By Scott Johnson, Babak Dehghanpisheh and Michael Hastings
Newsweek
Oct. 10, 2005 issue - For more than a decade, Abu Sajad's small convenience store was a fixture in Doura, an industrial neighborhood in south Baghdad. Customers came for friendly service and the ease of buying rice, tea or cigarettes a few blocks from home. Abu Sajad, a 44-year-old with salt-and-pepper hair, would even let regulars—Sunnis, Shiites or Christians—run up a tab. But not long ago, Abu Sajad was found in a pool of his own blood. Sunni insurgents had shot him 11 times with an AK-47. Shortly afterward, his widow and four children left for Karbala, a Shiite town in the south. His brother, Abu Naseer, decided to move to Al Kurayat, a predominantly Shiite neighborhood in eastern Baghdad. The Doura shop was closed, another debris-strewn relic of an Iraq that may no longer exist. "I have no reason or explanation why he was killed except that he was Shiite," says his brother.

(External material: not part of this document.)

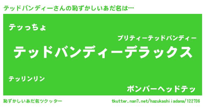 | 女子向けラノベタイトル風あだ名 | 『テッドバンディーの玉の輿計画!』 |

Across the country many Iraqis have begun to fear the worst: that their society is breaking apart from within. "The vast majority of the population is resisting calls to take up arms against other ethnic and religious groups," said a senior Bush administration official whose portfolio includes Iraq but who is not authorized to speak on the record. Yet he also said there "is a settling of accounts and a splitting apart of communities that did business together." Sunni insurgents, trying to prevent political dominance by the Shiite majority, are killing them in great numbers. Shiite militia and death squads are resisting. Now many ordinary citizens who are caught in the middle aren't waiting to become victims. They're moving to safer areas, creating trickles of internal refugees. "There is an undeclared civil war," Hussein Ali Kamal, head of intelligence at the Ministry of Interior, told NEWSWEEK.

The outcome of these conflicts—and Iraq's future as a unified state—may well be riding on a critical nationwide vote planned for next week. Iraqis will decide, in a U.S.-orchestrated referendum on Oct. 15, whether to accept a permanent constitution drafted by the transitional National Assembly. Yet many worry that even if the constitution passes as Washington hopes, it will only worsen the disintegration underway. Key provisions allow for separate regions to control water and new oil wells, dictate tax policy and oversee "internal security forces"—to become autonomous, in effect. A confidential United Nations report, dated Sept. 15 and obtained by NEWSWEEK, cautions that the new constitution is a "model for the territorial division of the State." And in congressional testimony last week, Gen. George Casey, commander of Coalition forces in Iraq, said the U.S. occupation may have to continue longer be—cause the draft constitution "didn't come out as the national compact that we thought it was going to be."

Others say Iraq can exist, even thrive, under such a loose federalist system. What is not in dispute is that at the most basic level—of neighborhoods and communities—the tissue of Iraqi society is already rupturing. It's not just Shia who are displacing themselves to be among their own kind, though they are the main victims of the Sunni-led insurgents. Many Sunnis, terrified of death squads and Shia-dominated police who look the other way, are fleeing Shia areas even if they don't support the insurgency. Dozens of Sunni families left Basra in the past year, fearing attacks from Shiite militias that dominate that southern city. "For a Sunni family like mine that was swimming in a lagoon of Shiites, it was almost impossible to continue living in Basra," said one refugee, Abu Mishal. Mahmoud Othman, a Kurdish member of the National Assembly, concurs: "We never had this even under Saddam... This is very dangerous."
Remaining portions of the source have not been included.